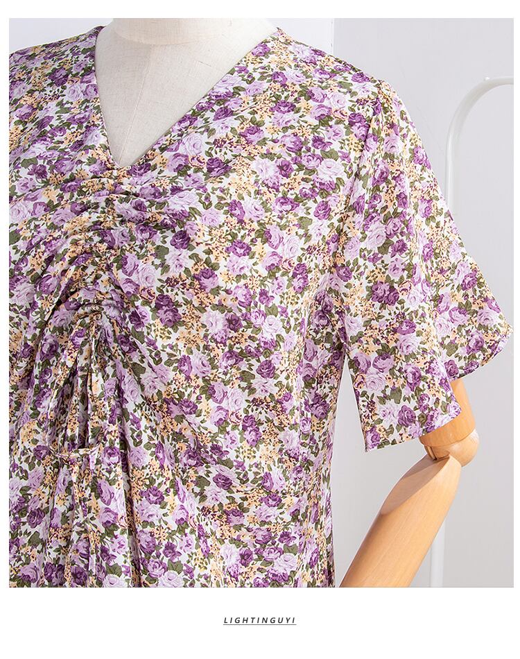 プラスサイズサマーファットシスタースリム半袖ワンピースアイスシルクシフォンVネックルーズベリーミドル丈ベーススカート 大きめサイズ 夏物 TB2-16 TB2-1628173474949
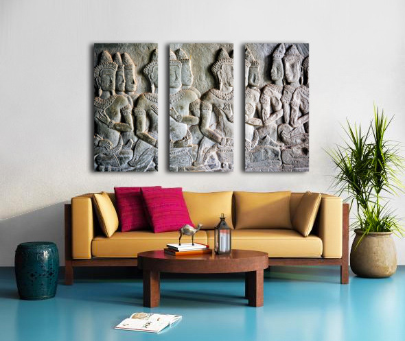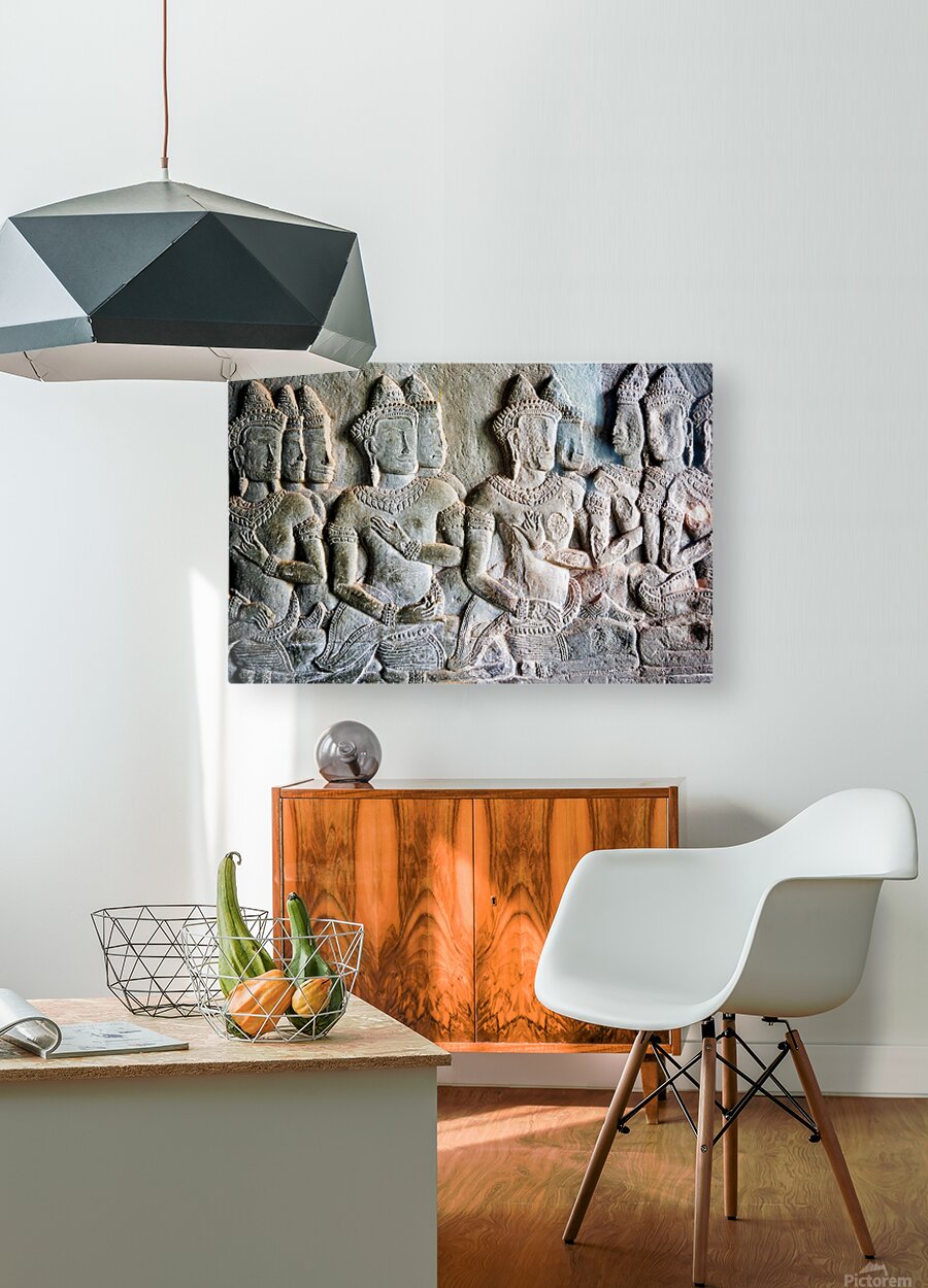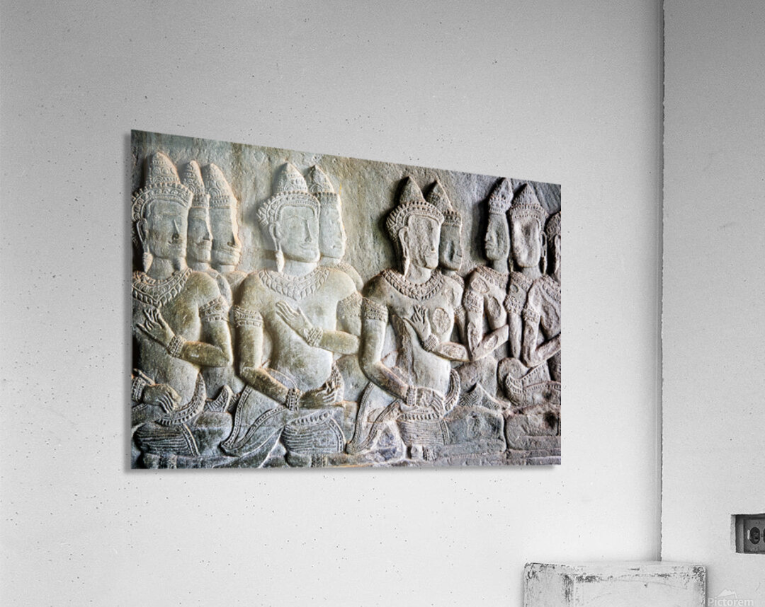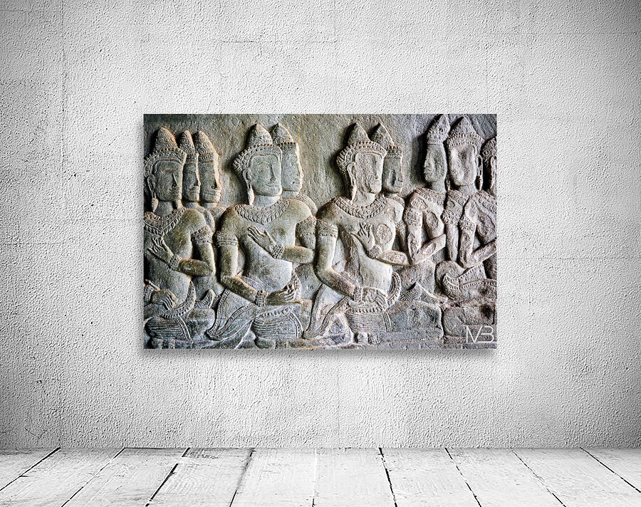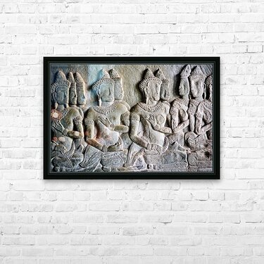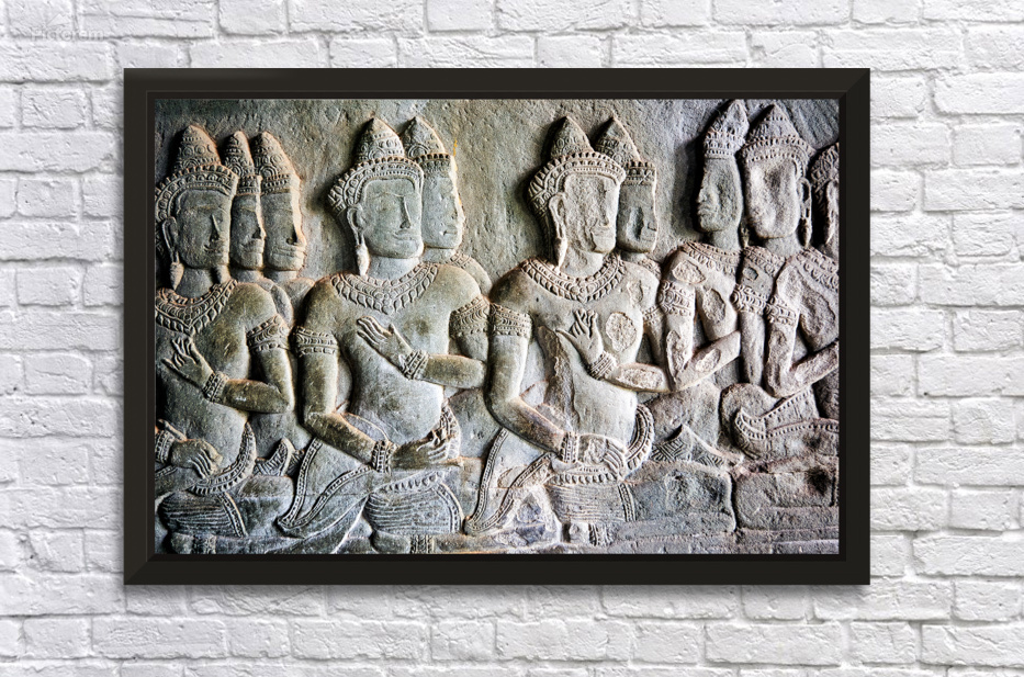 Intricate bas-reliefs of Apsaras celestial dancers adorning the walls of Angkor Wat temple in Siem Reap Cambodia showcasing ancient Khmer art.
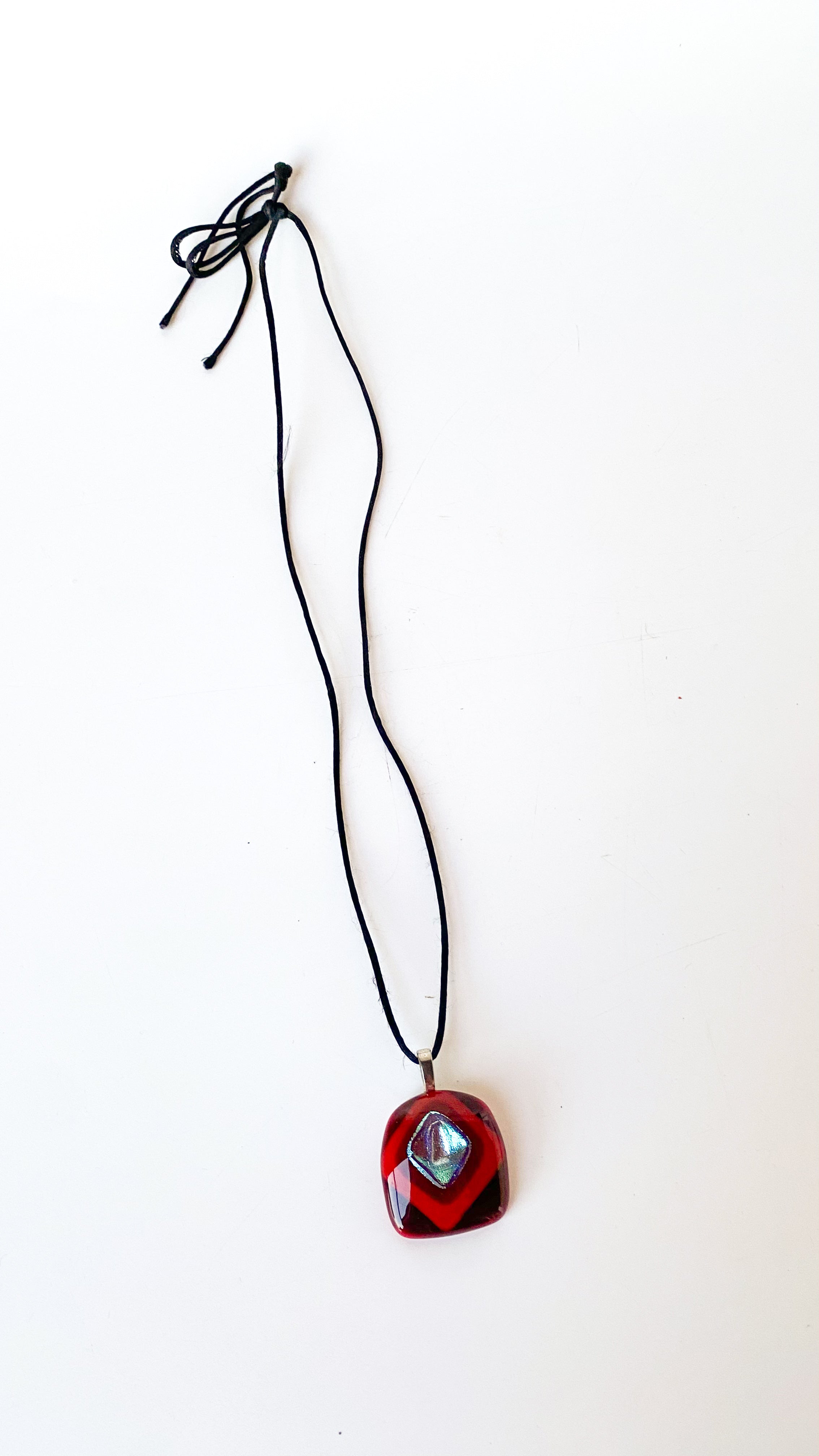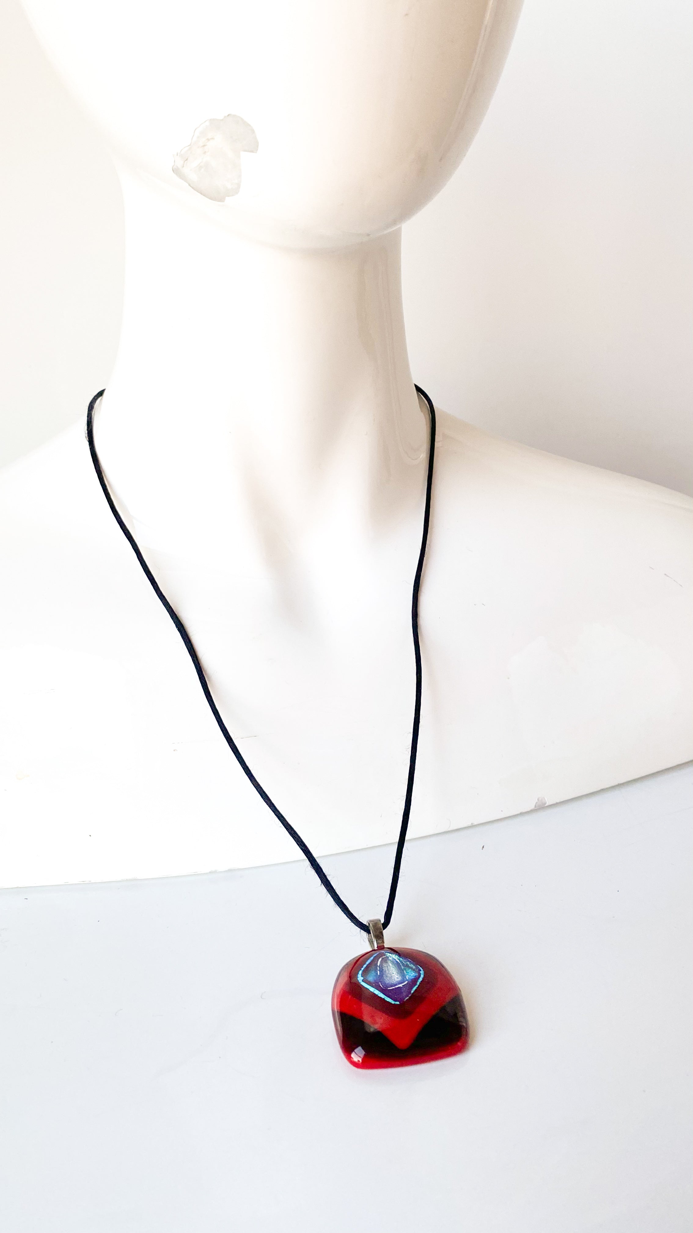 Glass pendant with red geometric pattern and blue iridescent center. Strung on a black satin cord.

__WHAT IS EXPECTED__
When you restate the listing, keep every word as it is and drop the pictures.

__SOLUTION TO THE PROBLEM__
 プラスサイズサマーファットシスタースリム半袖ワンピースアイスシルクシフォンVネックルーズベリーミドル丈ベーススカート 大きめサイズ 夏物 TB2-16 TB2-1628173474949
 Intricate bas-reliefs of Apsaras celestial dancers adorning the walls of Angkor Wat temple in Siem Reap Cambodia showcasing ancient Khmer art.
 Glass pendant with red geometric pattern and blue iridescent center. Strung on a black satin cord.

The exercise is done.